THE highlight of the south-west’s hill climb season is the visit of the country’s premier series, the Avon Tyres/Wynn Group Motor Sports Association British Hill Climb Championship, to Wiscombe Park this weekend.

The main championship event will include two exciting run-offs for the fastest 12 championship competitors on the Sunday whilst the previous day will see a separate event for local drivers plus the practice runs for those contesting the national series.

Pre-event favourite at the East Devon venue, which is celebrating its 60th anniversary, will be reigning champion Trevor Willis.

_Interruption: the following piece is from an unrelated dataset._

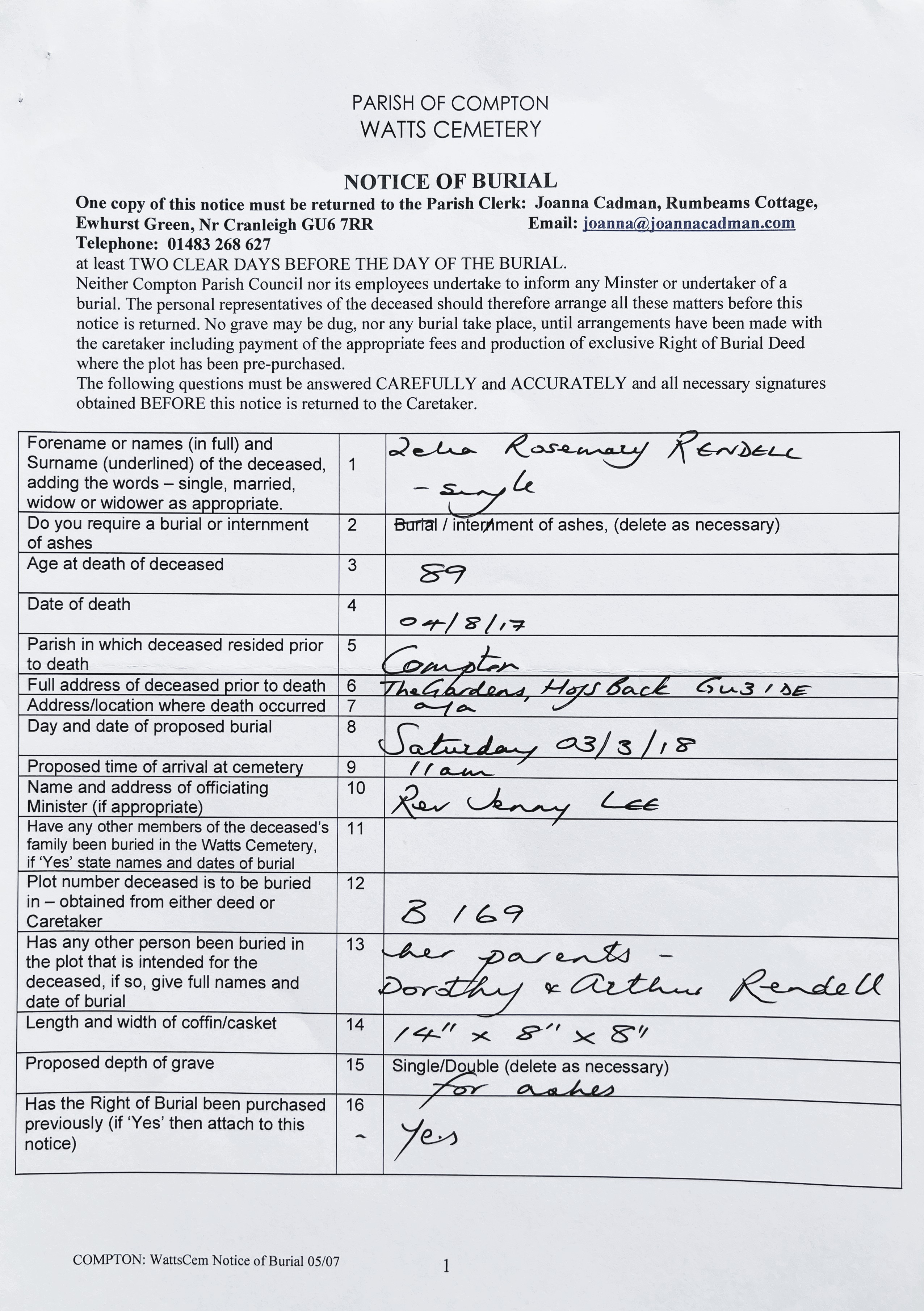 Rendell. Cecily

The Worcester driver is a double champion, having also been victorious in 2012, and leads the 2018 series in his potent V8 3.2-litre twin Hayabusa-powered OMS 28 single-seater racer.

Willis will be the only driver competing at Wiscombe Park who has won the prestigious championship but that does not mean he will be unchallenged.

Leading the battle will be Wiscombe Park joint outright record holder (with Willis) Will Hall who will campaign his Force WH which is powered by a two-litre four-cylinder turbocharged engine based on the engines used in the Le Mans Prototype class in the World Endurance Championship. The Stourbridge driver will have approximately 600bhp at his disposal.

Championship runner-up in 2017 was Scotsman Wallace Menzies who took his first victory at Wiscombe Park just 12 months ago and he will be keen to close the deficit to his adversaries with a good performance with his 3.5-litre Cosworth powered Gould GR59M.

Competitors will be travelling from Scotland, Wales and the Channel Islands with the intent of claiming success but others will have not travelled so far and will be flying the flag for Dorset.

Among those will be Rod Thorne who will be back at the wheel of his mighty five-litre Rover V8-powered Pilbeam MP43 sports racing car.

The machine, now re-fettled following an altercation with the Wiscombe scenery early in the season, will give the Frampton garage proprietor the opportunity to gauge his performance against the best in the country.

The case will be the same for single-seater exponent Andrew Forsyth who climbs aboard his Suzuki-powered OMS CF04, although as with Thorne a good points haul in the Wiscombe Park Hill Climb Championship will also be an important target.

Graham Blake from Weymouth will lead the family effort in the Wiscombe Championship over the weekend.

Blake, who is competition secretary for event organisers the Woolbridge Motor Club, will be joined by his son Geoff, driving a Westfield SEi, and by his daughter Debbie who takes the wheel of a Peugeot 106 Rallye.

Among other local drivers will be John Kirby contesting the Downton Motor Club class which caters primarily for Mini enthusiasts. Kirby, from Weymouth, has certainly been a fan of the front-wheel-drive machines competing in different variants in numerous club motor sport disciplines as well as circuit racing.

The retired engineer will be at the wheel of his turbocharged one-litre Mini Clubman and will be joined in the Downton division by Stephen Wareham from Bere Regis in his 1330cc Morris Mini.

The national series only visits the south west once during the season so the fastest driver-car combinations can only be seen this weekend.

Although the focus of attention will be on these ultimate machines, there will be a supporting cast of saloon and sports cars including vintage Austin Sevens, Porsches and Aston Martin.